ある日、漁師が魚をたくさんとろうと、いままでいったことのない川上に舟をこいで川をさかのぼっていくと、いちどもきたことのない山奥にきていました。
きがつくと桃の林が、両岸にどこまでも続いているところへきていました。このさきになにがあるのか知りたいとなおも漕ぎ進んでいくと、山陰の洞穴からかすかな光がもれていました。
漁師が舟をおり、おそるおそる洞穴に入っていくと、よく耕された、畑や田んぼ、美しい池、そしてよく手入れされた家がみえました。
村人の話によると、秦という国があったころ、戦争をさけるため、先祖がこの土地へ逃れてきたということでした。
漁師が、秦以降の国の動きをはなすと、村人は驚くやら感心するやら、ためいきをついて聞き入ります。
漁師が、この村で何日か過ごし、家に帰ろうとすると、村人は「ここで見たり聞いたりしたことは、誰にも話さないでほしい」と頼みます。
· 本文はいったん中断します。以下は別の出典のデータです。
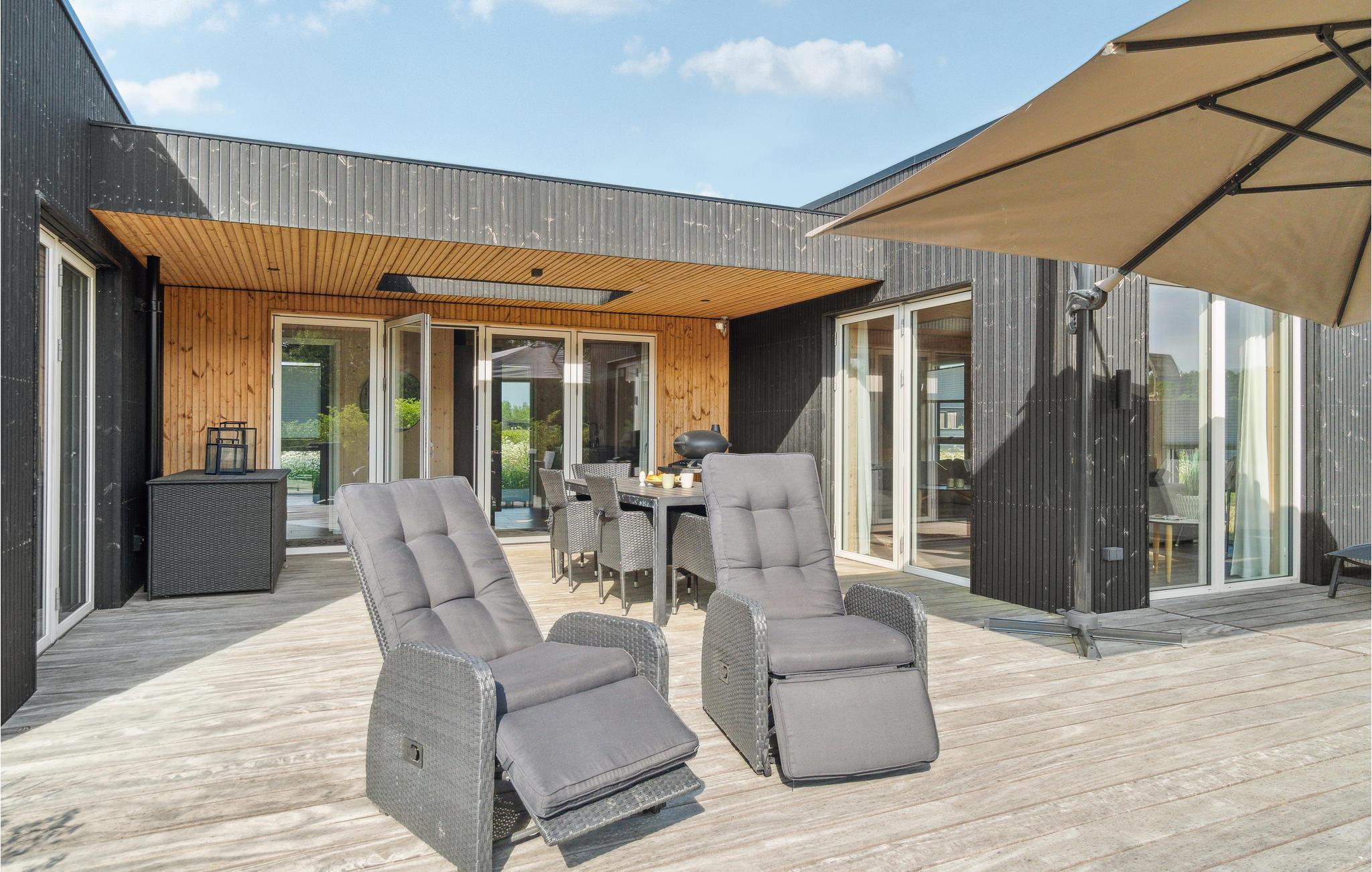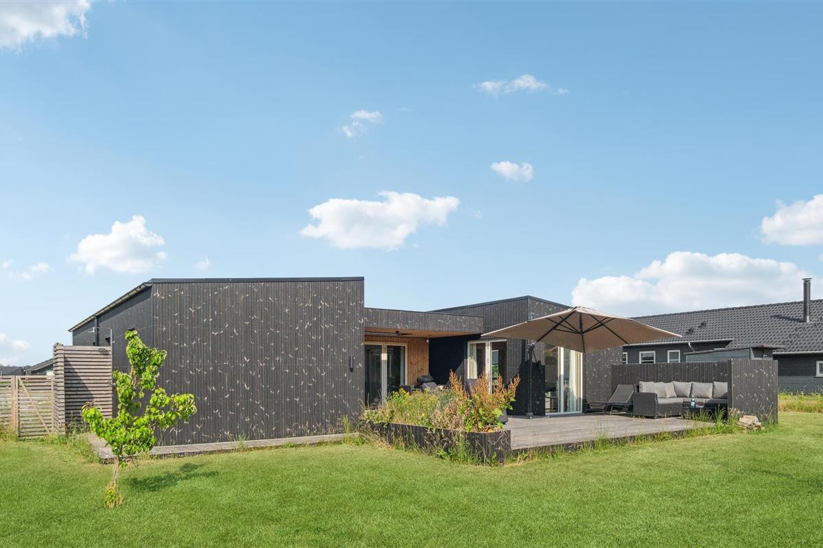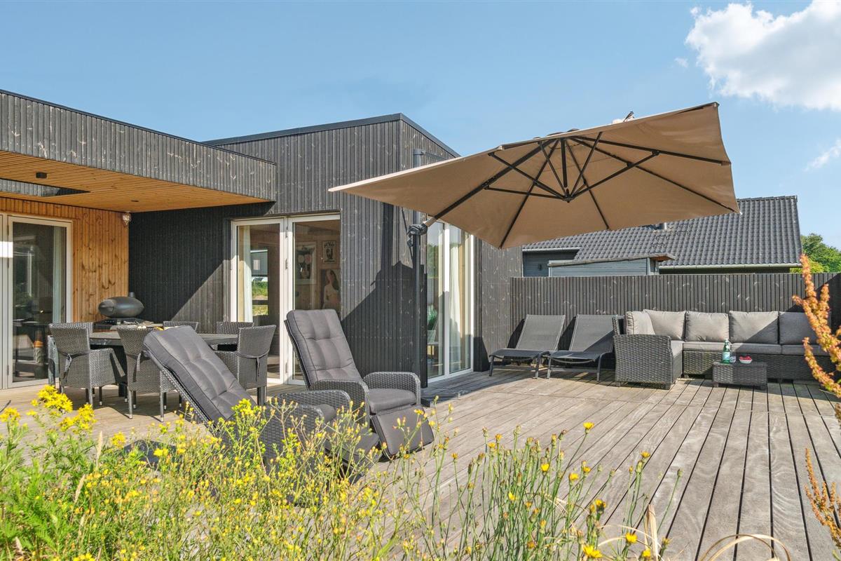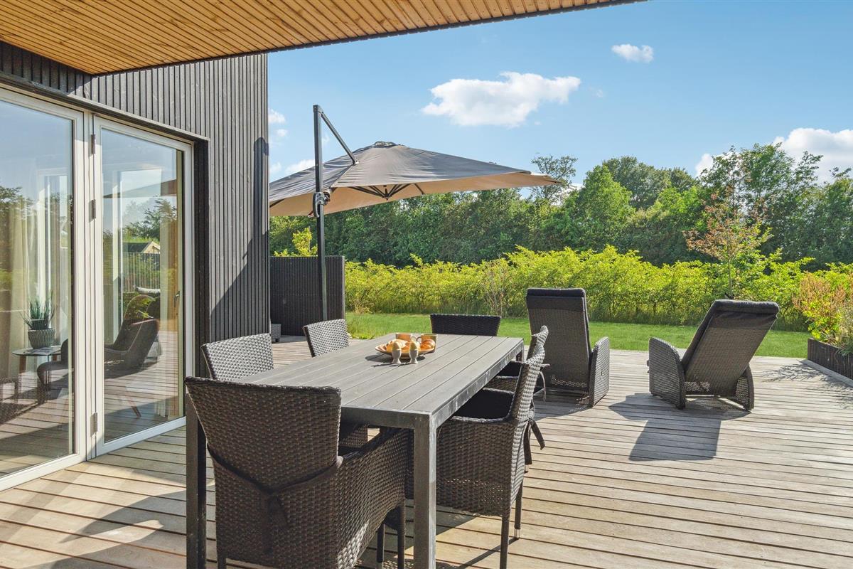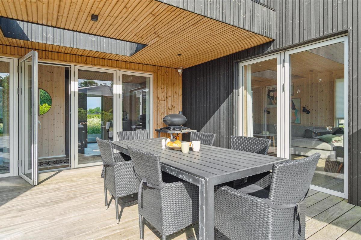 Modern houten vakantiehuis nabij het strand van Saksild, met ruim terras en luxe voorzieningen voor een ontspannen gezinsvakantie.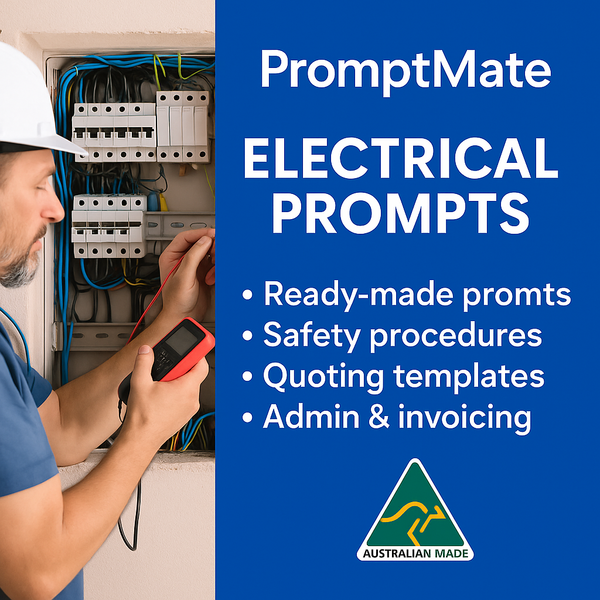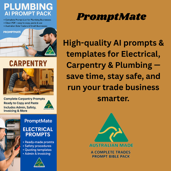 PromptMate is Australia’s first trade-specific prompt library, built for carpenters, plumbers, and electricians who want to save time and get professional results — fast.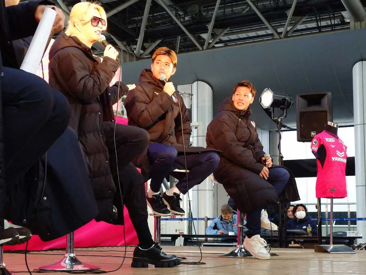 C大阪が14日に控える開幕ダービーを前に11日、大阪駅「時空の広場」で開幕直前トークショーを実施した。500人ほど集まったサポーターは「スペシャルゲスト」の登場に歓喜。投資家でタレント活動もしているローランド(32)が現れたからだ。

漁師は家に帰る途中、あちこちに目印をつけておきます。家に戻った漁師が不思議なところへいってきたといううわさが、いつか広まっていきます。
うわさをききつけたおうさまが、家来に命じて、不思議な国に行く道を探させようとしますが、目印もなくなっていて、洞穴へ行く道はどうしてもみつかりませんでした。
中国の詩人、陶淵明の「桃花源記」にもとづいて再話された物語といいます。
桃源郷はありえない思うか、必ずあるはずと理想郷をおいもとめるか、どちらでしょうか。
それにしても、なぜ、世界から争いや憎しみがなくならないのでしょうか。